4. To the sifted flour, add ground almonds, cocoa powder, ground ginger, ground cinnamon, ground mace, ground cloves, ground nutmeg, ground allspice, baking powder, bicarbonate of soda, and salt. Sift these ingredients together to combine and aerate.
5. Stir in the zest of one lemon into the dry mixture for a fresh citrus note.
6. Gradually incorporate the dry ingredients into the wet mixture, mixing until a smooth dough forms.
7. Chill the dough in the refrigerator for 10-15 minutes to firm it up for easier shaping.
8. Preheat the oven to 170°C (340°F) and line baking trays with parchment paper.

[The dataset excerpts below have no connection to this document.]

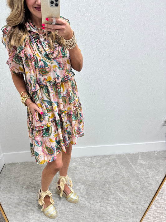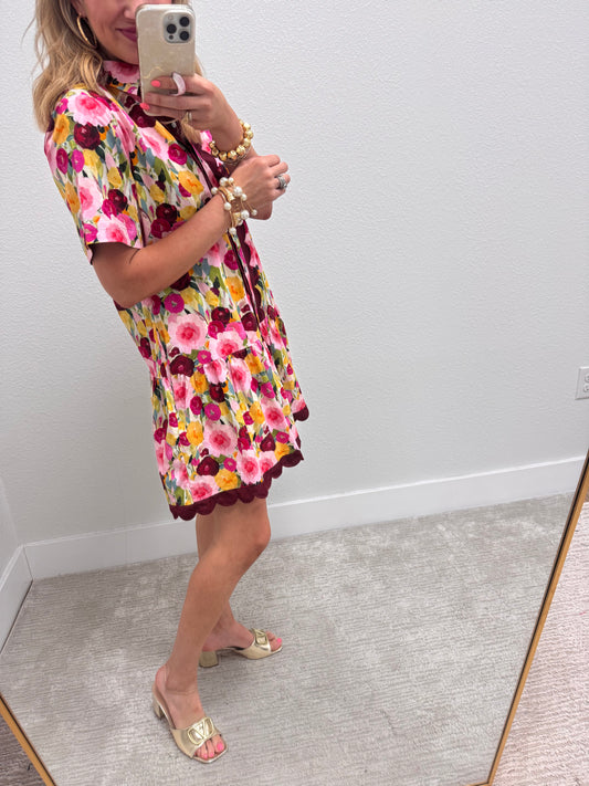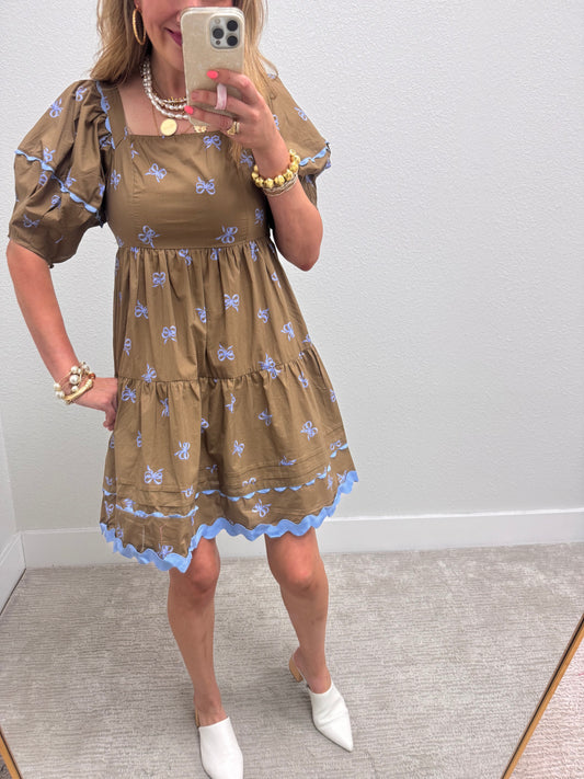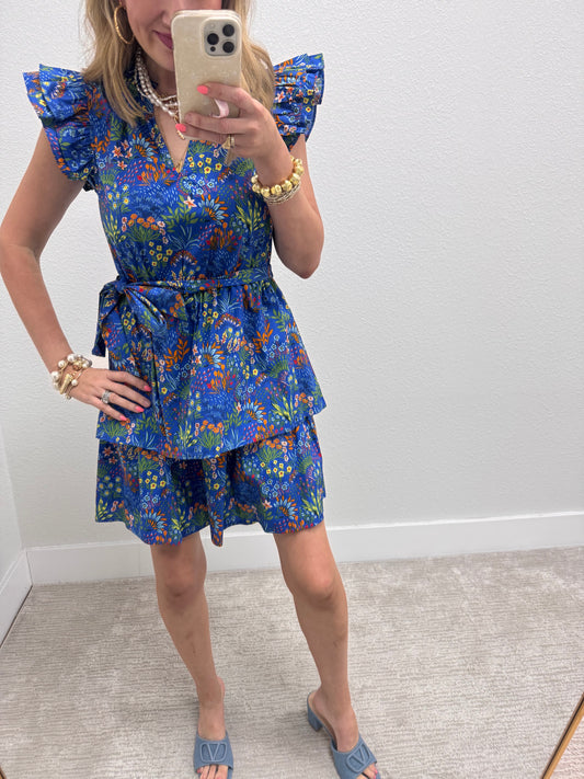 Blue Floral Tiered Mini Dress with Ruffle Sleeves
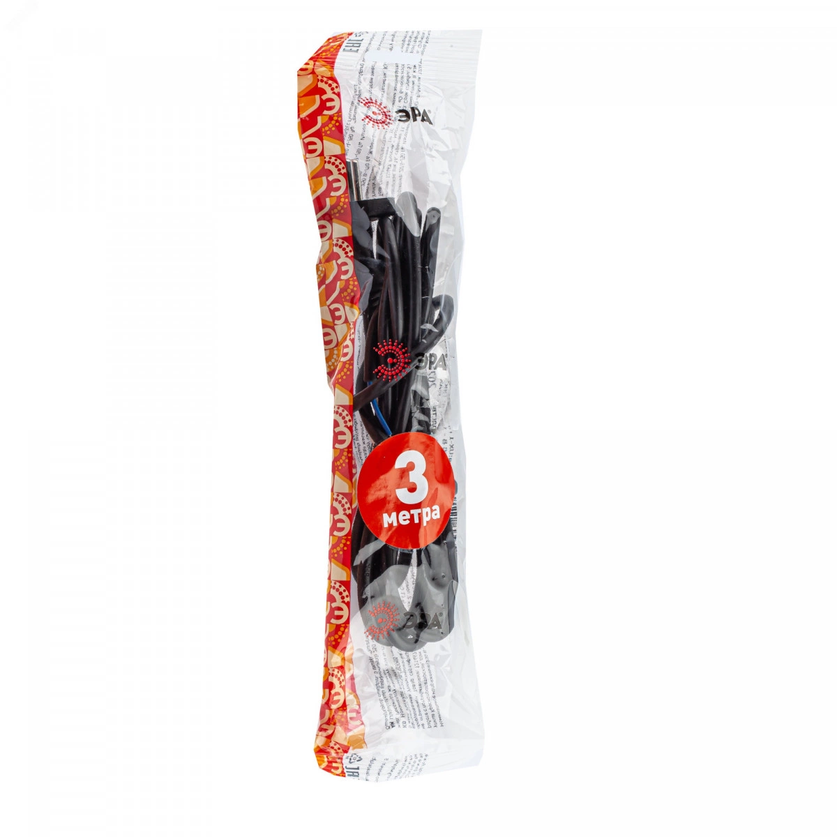 Шнур сетевой с вилкой UX-2x0,75-3m-B 3м ПВС 2x0,75мм2 черный
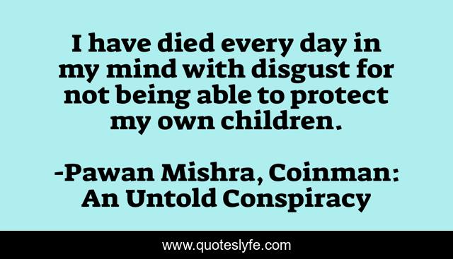 This page presents the quote "I have died every day in my mind with disgust for not being able to protect my own children.". Author of this quote is Pawan Mishra, Coinman: An Untold Conspiracy. This quote is about helplessness, dying, protection, disgust, helpless, children,.
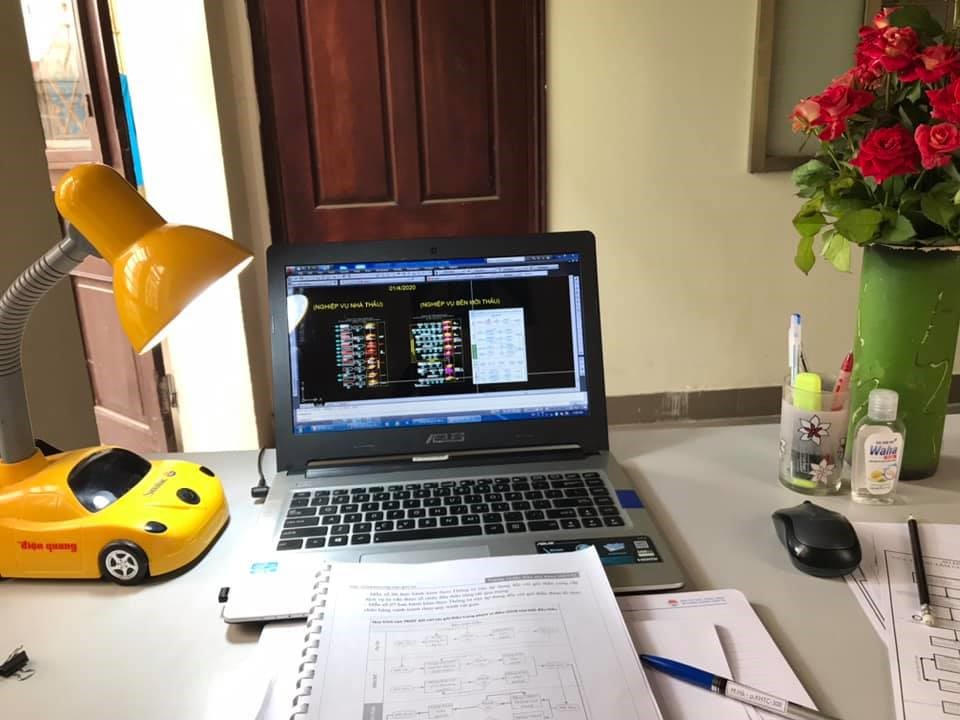 Một góc bàn làm việc trực tuyến tại nhà của cán bộ Trung tâm

9. Using scales, portion the dough into 40-gram pieces and roll them into balls. If the dough is sticky, slightly wet the palms of your hands to prevent sticking.
10. Place the dough balls onto the prepared baking trays with space between each to allow for expansion.
11. Bake in the preheated oven for 10-12 minutes, or until the cookies are set but still soft to the touch.
12. Allow the cookies to cool on the trays for a few minutes before transferring them to a wire rack to cool completely.
Cooking Tips:
- For extra flavor, consider adding a mixture of lemon and orange zest.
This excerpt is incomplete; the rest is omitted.